■ **Records shown**
※

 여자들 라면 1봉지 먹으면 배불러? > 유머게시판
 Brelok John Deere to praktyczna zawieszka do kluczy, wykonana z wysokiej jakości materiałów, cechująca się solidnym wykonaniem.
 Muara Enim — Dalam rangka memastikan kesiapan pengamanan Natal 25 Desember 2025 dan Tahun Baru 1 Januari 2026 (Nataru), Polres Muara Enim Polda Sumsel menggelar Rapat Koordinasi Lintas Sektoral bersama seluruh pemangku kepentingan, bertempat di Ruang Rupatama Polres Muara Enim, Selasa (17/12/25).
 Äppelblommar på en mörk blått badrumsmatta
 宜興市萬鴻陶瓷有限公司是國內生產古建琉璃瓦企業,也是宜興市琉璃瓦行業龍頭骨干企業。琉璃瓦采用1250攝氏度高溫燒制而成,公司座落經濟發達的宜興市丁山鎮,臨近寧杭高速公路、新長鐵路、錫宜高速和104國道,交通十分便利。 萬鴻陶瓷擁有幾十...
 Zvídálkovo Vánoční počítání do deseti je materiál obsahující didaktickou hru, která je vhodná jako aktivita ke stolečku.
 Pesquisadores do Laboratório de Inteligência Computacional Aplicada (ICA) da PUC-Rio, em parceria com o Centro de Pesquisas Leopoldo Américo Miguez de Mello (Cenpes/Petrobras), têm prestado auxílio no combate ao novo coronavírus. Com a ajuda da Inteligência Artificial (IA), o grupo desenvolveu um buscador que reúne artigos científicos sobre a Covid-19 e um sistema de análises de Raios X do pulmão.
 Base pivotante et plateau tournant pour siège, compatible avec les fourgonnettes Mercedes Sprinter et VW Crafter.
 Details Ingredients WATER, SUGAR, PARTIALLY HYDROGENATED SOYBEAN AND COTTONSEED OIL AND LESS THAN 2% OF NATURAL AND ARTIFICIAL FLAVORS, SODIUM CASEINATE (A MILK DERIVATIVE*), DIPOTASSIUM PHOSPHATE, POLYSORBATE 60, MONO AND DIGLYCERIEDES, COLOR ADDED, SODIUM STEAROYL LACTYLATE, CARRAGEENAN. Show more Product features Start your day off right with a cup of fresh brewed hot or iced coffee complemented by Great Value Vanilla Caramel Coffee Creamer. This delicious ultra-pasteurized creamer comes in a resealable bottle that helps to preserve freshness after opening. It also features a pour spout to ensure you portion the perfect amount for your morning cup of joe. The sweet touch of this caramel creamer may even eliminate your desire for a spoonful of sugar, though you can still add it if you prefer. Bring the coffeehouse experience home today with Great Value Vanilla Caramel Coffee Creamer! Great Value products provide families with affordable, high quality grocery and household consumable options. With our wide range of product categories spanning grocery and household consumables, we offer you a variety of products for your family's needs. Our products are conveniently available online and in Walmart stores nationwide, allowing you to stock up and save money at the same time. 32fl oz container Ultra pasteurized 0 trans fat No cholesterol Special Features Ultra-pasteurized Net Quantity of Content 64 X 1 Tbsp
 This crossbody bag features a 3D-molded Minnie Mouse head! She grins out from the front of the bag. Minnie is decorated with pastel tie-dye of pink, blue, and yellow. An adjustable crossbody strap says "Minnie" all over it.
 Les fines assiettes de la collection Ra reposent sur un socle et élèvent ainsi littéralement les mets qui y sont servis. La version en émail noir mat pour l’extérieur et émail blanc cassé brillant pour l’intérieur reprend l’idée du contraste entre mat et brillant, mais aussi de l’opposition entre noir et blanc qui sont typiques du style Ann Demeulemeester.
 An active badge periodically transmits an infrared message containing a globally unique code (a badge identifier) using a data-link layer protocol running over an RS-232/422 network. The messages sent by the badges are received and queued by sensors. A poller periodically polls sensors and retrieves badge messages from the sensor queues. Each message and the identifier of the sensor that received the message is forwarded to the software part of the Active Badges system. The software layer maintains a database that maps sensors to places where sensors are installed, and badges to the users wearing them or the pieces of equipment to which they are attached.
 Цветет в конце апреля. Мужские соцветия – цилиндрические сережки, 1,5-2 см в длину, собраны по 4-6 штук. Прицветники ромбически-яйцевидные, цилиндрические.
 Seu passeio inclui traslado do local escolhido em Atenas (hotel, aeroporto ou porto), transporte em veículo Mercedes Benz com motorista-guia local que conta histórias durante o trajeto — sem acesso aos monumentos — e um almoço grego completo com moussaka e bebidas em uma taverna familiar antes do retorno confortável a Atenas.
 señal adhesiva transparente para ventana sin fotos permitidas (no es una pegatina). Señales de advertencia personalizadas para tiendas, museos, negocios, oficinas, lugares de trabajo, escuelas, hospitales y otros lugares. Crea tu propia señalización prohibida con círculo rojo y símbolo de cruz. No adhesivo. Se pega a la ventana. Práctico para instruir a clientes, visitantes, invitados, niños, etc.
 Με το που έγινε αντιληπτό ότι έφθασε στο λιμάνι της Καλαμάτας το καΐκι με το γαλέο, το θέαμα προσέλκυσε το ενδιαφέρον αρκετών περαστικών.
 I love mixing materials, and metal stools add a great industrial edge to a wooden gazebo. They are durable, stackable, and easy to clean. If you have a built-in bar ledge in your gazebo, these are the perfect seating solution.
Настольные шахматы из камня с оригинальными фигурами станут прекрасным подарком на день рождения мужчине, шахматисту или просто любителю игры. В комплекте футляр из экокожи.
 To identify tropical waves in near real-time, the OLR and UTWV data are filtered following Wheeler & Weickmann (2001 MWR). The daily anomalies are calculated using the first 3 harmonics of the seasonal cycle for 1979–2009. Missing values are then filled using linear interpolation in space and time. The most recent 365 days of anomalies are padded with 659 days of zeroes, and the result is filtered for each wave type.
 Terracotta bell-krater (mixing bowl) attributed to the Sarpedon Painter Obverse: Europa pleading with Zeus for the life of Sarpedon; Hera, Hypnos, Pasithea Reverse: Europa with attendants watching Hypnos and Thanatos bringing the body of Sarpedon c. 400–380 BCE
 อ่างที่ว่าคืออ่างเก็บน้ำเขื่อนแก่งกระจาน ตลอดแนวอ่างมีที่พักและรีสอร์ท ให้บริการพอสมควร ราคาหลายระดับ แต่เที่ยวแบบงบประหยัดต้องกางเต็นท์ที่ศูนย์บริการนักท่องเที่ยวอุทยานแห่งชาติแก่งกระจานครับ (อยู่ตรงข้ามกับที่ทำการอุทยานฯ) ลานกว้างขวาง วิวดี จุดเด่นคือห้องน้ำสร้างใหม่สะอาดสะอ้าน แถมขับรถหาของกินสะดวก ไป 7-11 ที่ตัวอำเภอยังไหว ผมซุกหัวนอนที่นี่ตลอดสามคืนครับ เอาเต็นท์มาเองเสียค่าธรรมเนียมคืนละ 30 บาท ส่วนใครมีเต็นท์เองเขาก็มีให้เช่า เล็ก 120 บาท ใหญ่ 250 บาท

※

■ **What the task requires**
Only the lines containing the string "Mercedes" are needed; pull them out of the records.

■ **Output for this exercise**
 Base pivotante et plateau tournant pour siège, compatible avec les fourgonnettes Mercedes Sprinter et VW Crafter.
 Seu passeio inclui traslado do local escolhido em Atenas (hotel, aeroporto ou porto), transporte em veículo Mercedes Benz com motorista-guia local que conta histórias durante o trajeto — sem acesso aos monumentos — e um almoço grego completo com moussaka e bebidas em uma taverna familiar antes do retorno confortável a Atenas.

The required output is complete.